Do you have a mentor, or a piece of advice (or both), which has influenced your practice?
My friend Rachel Borenstein, who is an incredible artist, once mentioned to me that contemporary art is like theatre and painting is like music. I am sure a number of people would disagree or state that there is a lot overlap in these disciplines, which there is. The statement helped me reorient my priorities in making art. The more realized and intense the preliminary works become, the more art-theory-bros tell me I should just be a hyper-rational sculptor. Who are you living for?! I do not think I have to choose one medium, but I do ultimately consider myself a painter. I most value making things involving pleasure, emotion, and vulnerability like in painting and music. Also the IG account @francis_bacon_daily contains images and quotes that are my daily inspiration.
What is your studio like?
My studio is always changing. I had a big grad school studio, then I was painting and sculpting on the floor of my Brooklyn bedroom floor for a year. Now I am painting in a basement. It is so cold and quiet so I can be fully attentive to the paint…I call it The Dungeon. Soon I have to leave it for a Yaddo Residency and then for my Fulbright project.

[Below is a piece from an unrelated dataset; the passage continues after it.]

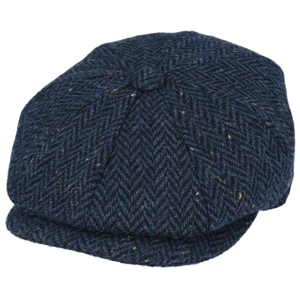 Maz Donegal Tweed Herringbone Patch Newsboy Cap – Navy

What do you find most daunting, challenging, or frustrating about pursuing art?
Balancing space, money, and time. Sometimes I focus more on money so that I can dedicate the time for more ambitious projects. In my ideal life, I would have enough blocks of time in order to work exclusively with wet into wet paint (I use a lot of safflower oil). I am constantly making objects as one can make art out of anything. Painting is essentially just smearing mud on a surface — it’s very primal. I also enjoy the challenges in a push-pull dialogue with painting, it keeps me returning to the painting’s interface. Paint is so evasive and temperamental. Physics, chemistry, climate, and current discourse can change the surface of the painting in minutes, hours, or years. This makes me feel alive.
What are three words you would use to describe your work?

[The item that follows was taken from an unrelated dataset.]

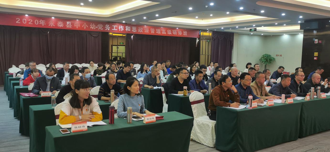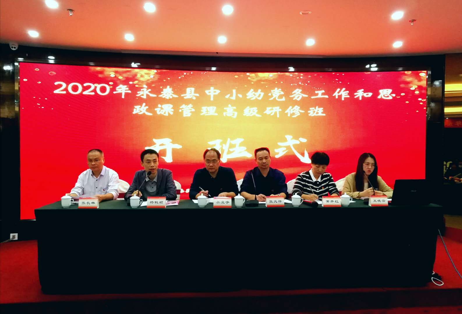 为深入贯彻落实党的十九大精神,以习近平新时代中国特色社会主义思想为指导,大力提高党员干部的党性修养、政治素质和业务技能,帮助干部筑牢信仰之基、从政之基、廉政之基,激发干部新时代新担当新作为,11月9日上午,由福建广播电视大学和永泰县教师进修学校联合举办的2020年永泰县中小幼党务工作和思政课管理高级研修班在上杭县拉开帷幕。福建广播电视大学培训学院副院长杨聪颖、永泰县教师进修学校副书记吴孟宇、永泰县教育局机关党支部书记张兆祥、永泰县教师进修学校培训处副主任黄开红、永泰县教育局人事科干部张长林以及来自永泰县中小幼党务工作者和思政课管理者共计72人出席了开班仪式。仪式由福建广播电视大学培训学院王晓云主持。

eerie, beautiful, assertive
What are you working on right now?
1) Paintings that are based on sculptures that I can shine light through like a piece of film. I either paint the sculpture or the projection, or an overlay of both.
2) Paintings of flora and women with attitude. After I went to a Death Grips concert in October 2017, I was fixated on highlighting women I saw physically asserting themselves in the moshpit. Now extricated from the city, I am surrounded by greenery. I search for the apocalyptic or the sci-fi in the everyday, particularly iconic objects that make reference to the hyper-feminine. I like utilizing these symbols with bold brushwork in order to stage an exhilarating near miss with the cliché. I started depicting lush flowers as stand-ins for women (or anyone with flair) in chaotic pictorial spaces as evidenced in the painting, Pushy Daisies. Another example is my painting Flowerback, in which the tulip is turned away from the viewer, almost indifferent to the human’s existence. Everywhere there is evidence of humans’ attempts to control and physically regulate nature. The straight forward portraits of women are my badass friends and I hope to show them alongside the flora paintings.
Anything else you would like to add?
Thank you for inviting me to participate!